RECORDS:
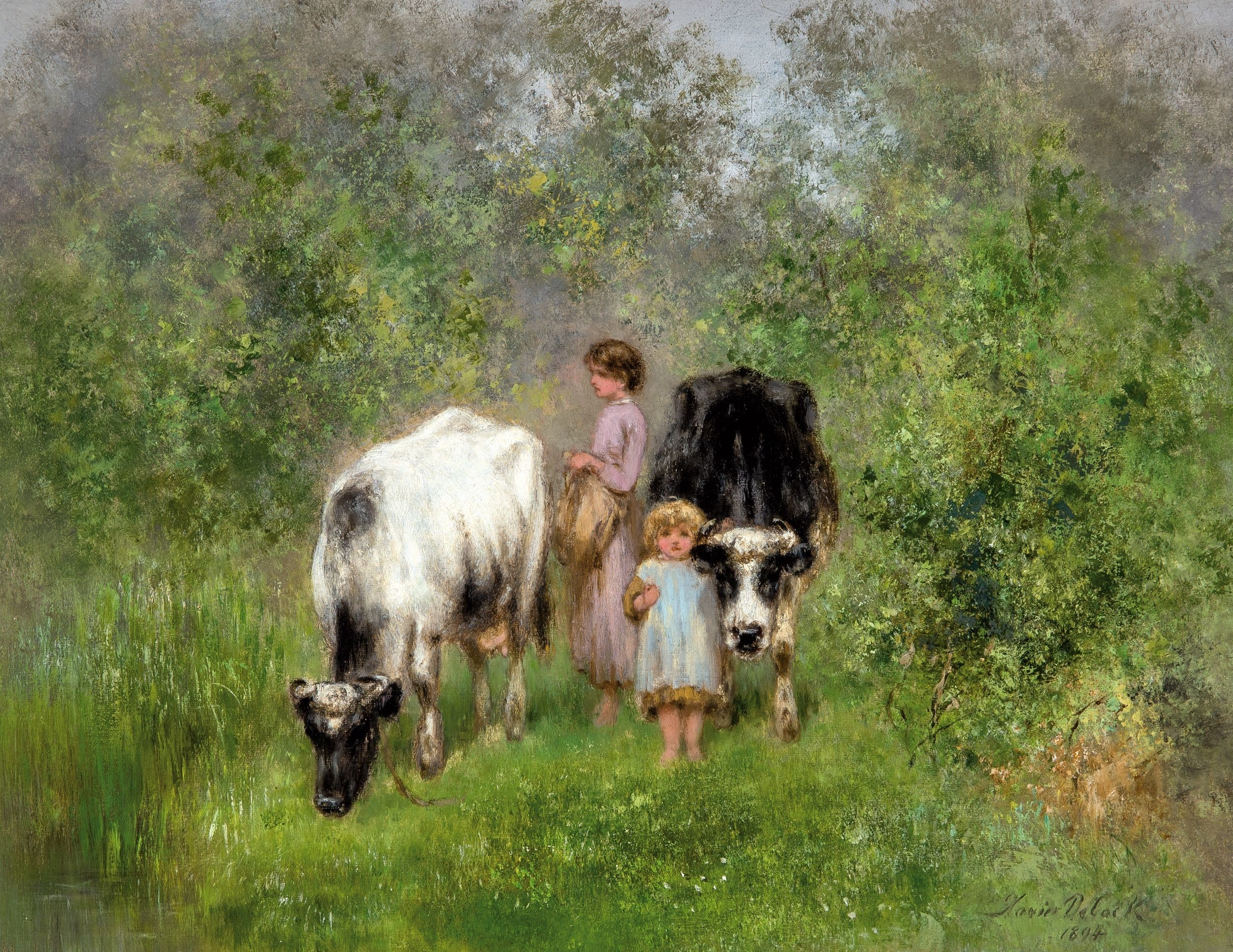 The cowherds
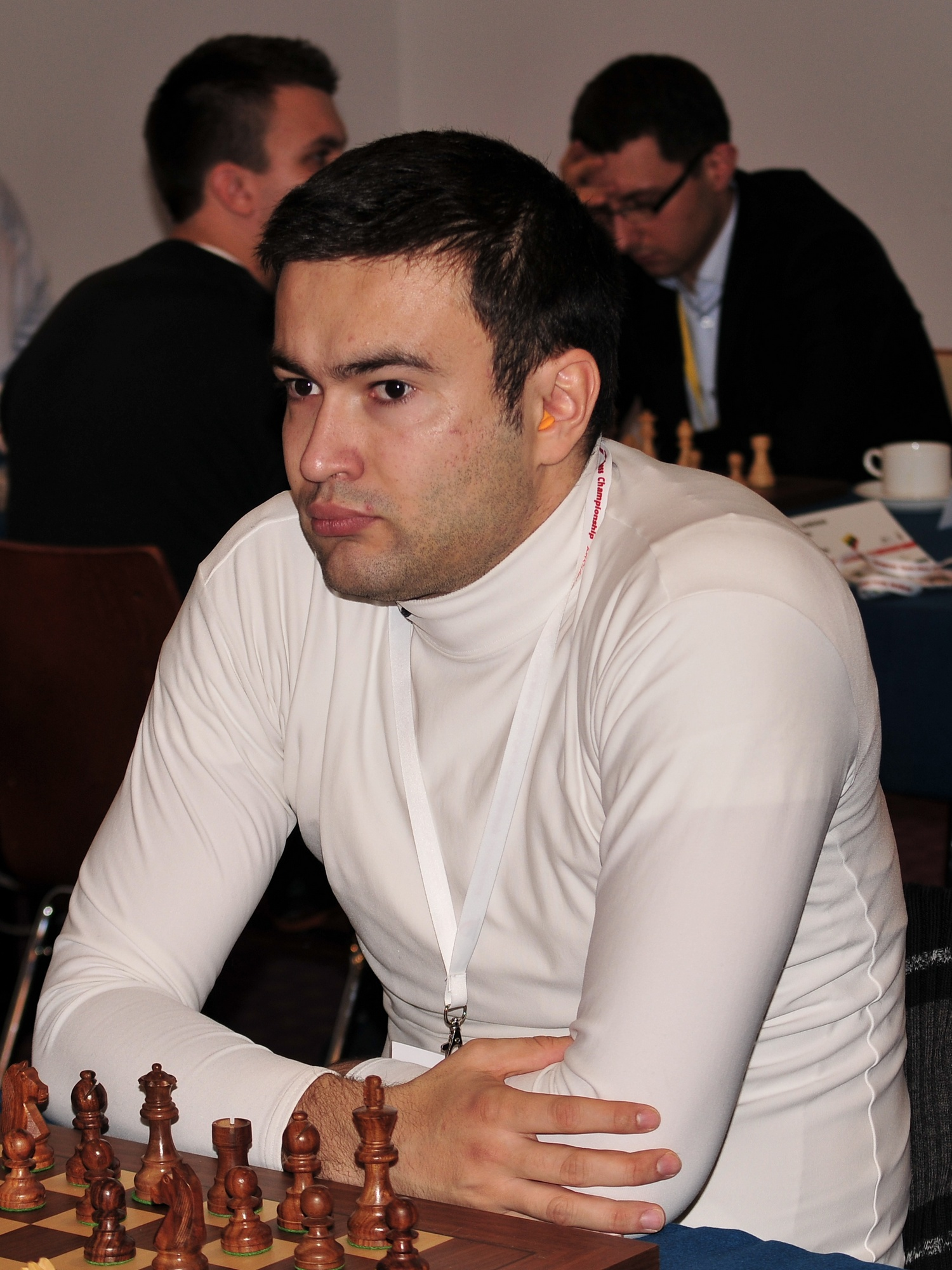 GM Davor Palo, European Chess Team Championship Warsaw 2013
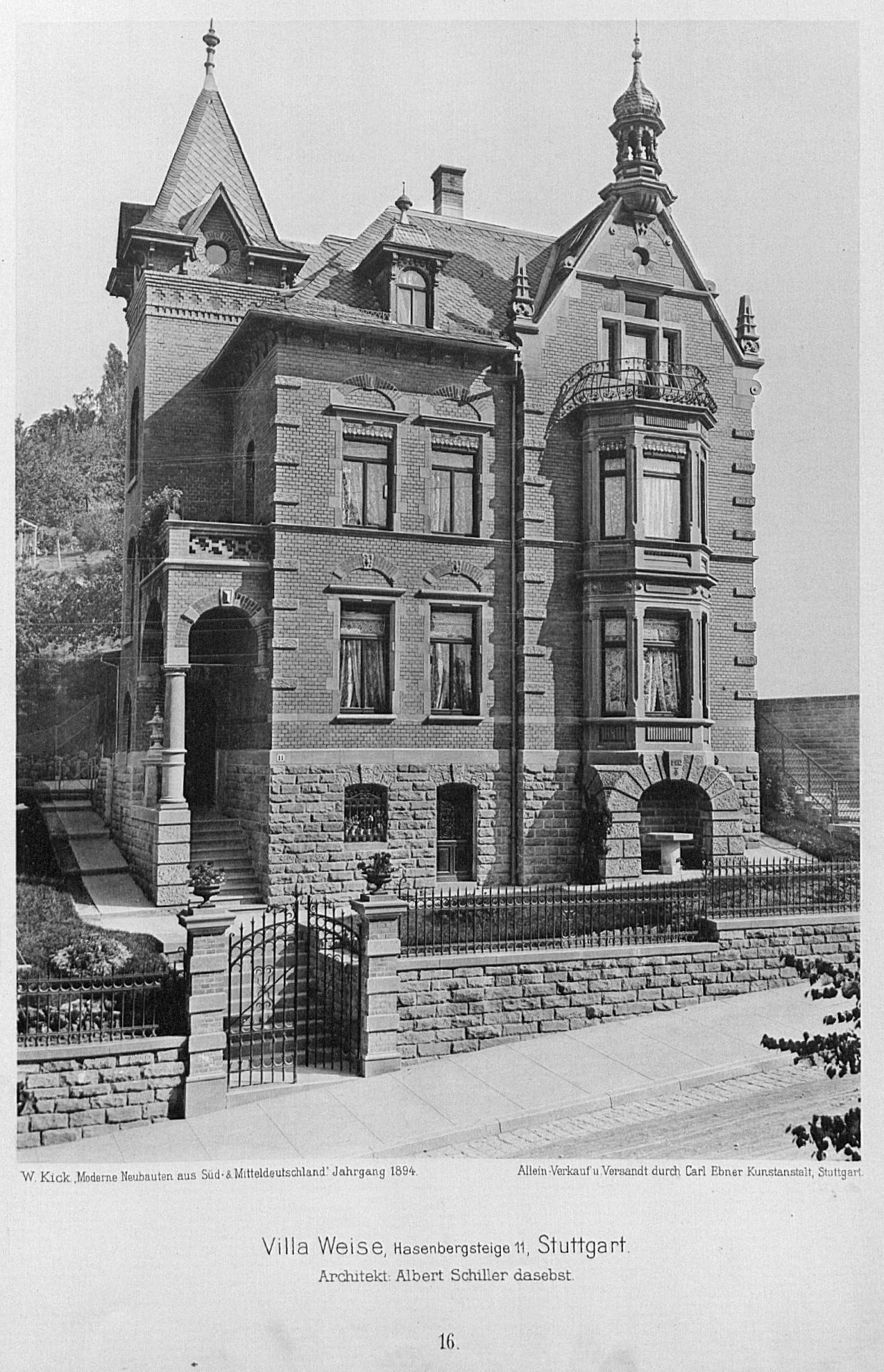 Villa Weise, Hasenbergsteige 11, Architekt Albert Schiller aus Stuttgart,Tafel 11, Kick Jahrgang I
--
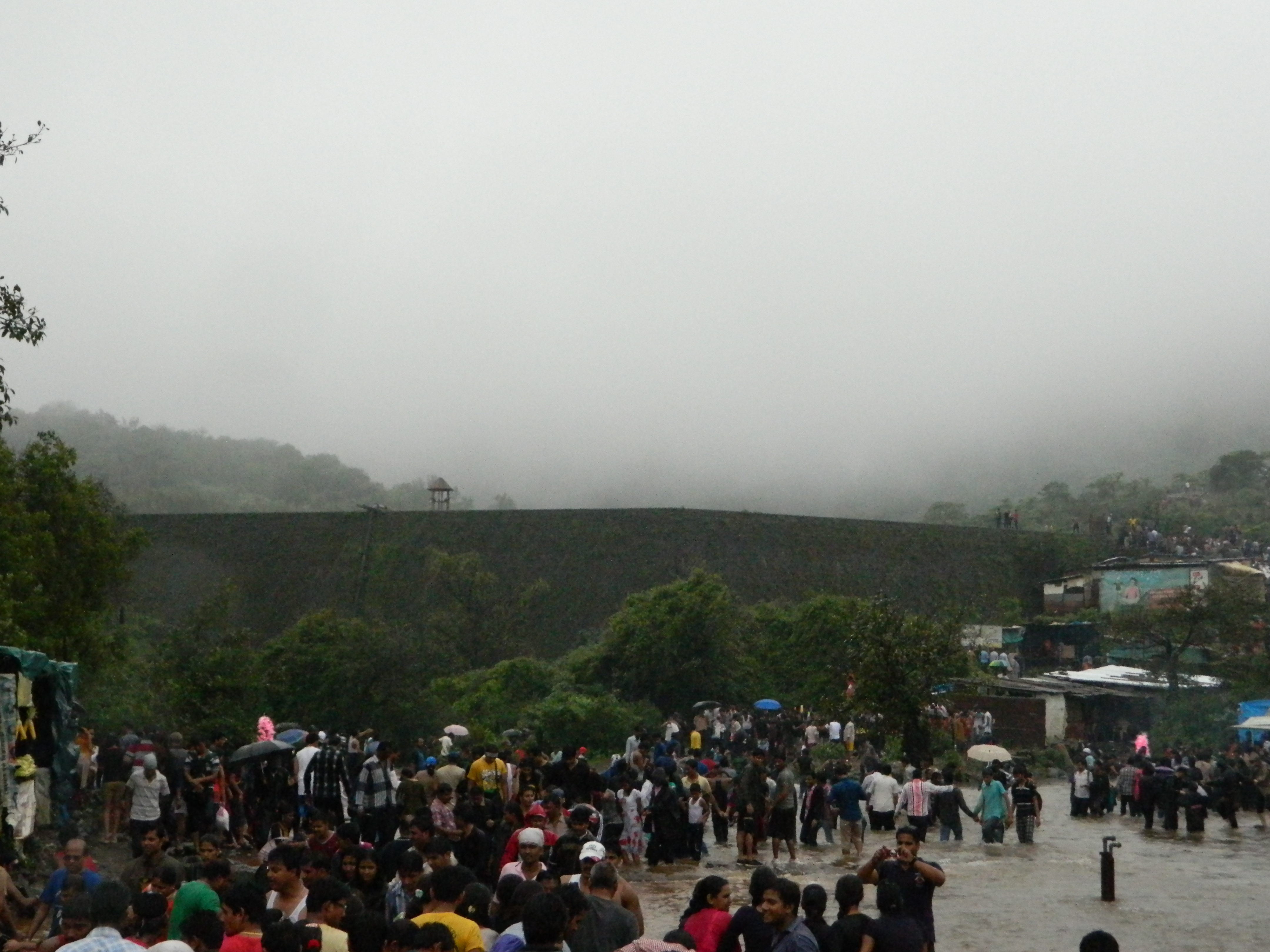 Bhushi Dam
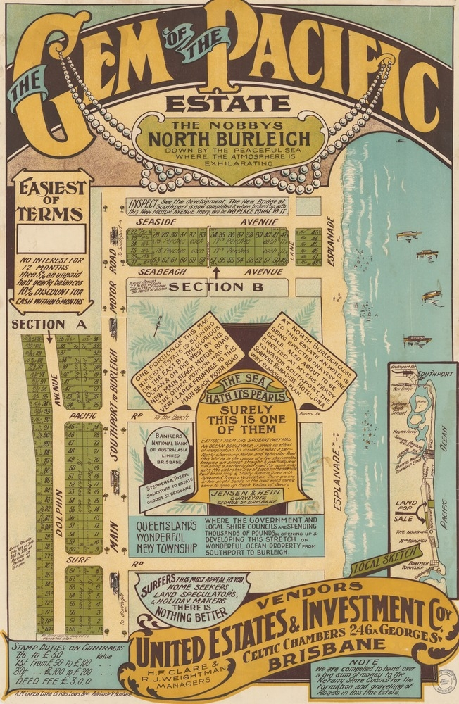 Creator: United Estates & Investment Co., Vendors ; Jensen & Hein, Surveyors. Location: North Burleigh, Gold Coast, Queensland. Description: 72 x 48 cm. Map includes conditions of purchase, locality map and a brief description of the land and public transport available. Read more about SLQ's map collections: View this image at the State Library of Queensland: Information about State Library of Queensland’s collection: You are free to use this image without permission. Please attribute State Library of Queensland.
---
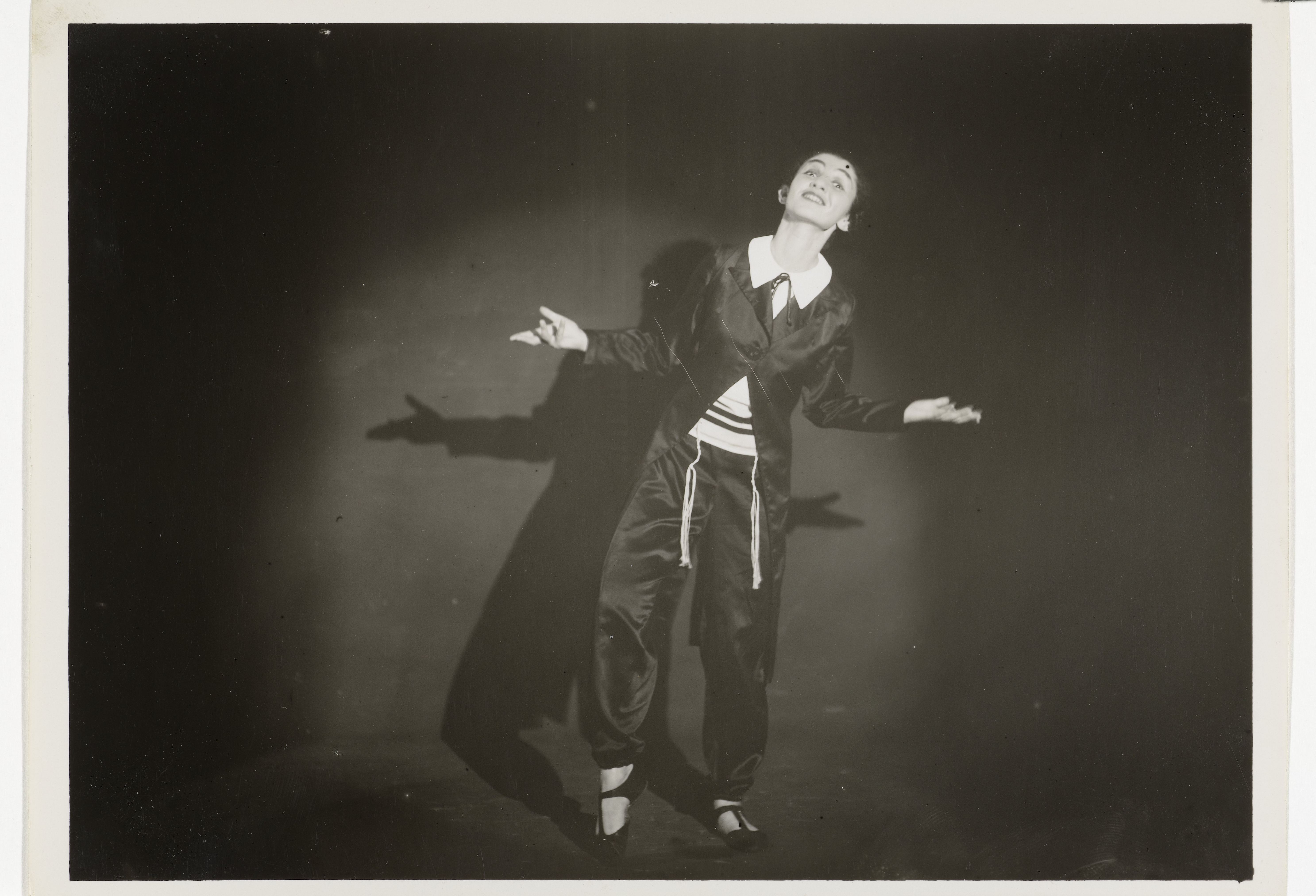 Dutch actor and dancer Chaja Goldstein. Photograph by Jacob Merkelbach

EXERCISE AIM: Where a picture appears in the records above, omit it, and transcribe exactly the stretch of lines from the one with "The cowherds" through the one with "Villa Weise, Hasenbergsteige".

TASK OUTPUT:
 The cowherds
 GM Davor Palo, European Chess Team Championship Warsaw 2013
 Villa Weise, Hasenbergsteige 11, Architekt Albert Schiller aus Stuttgart,Tafel 11, Kick Jahrgang I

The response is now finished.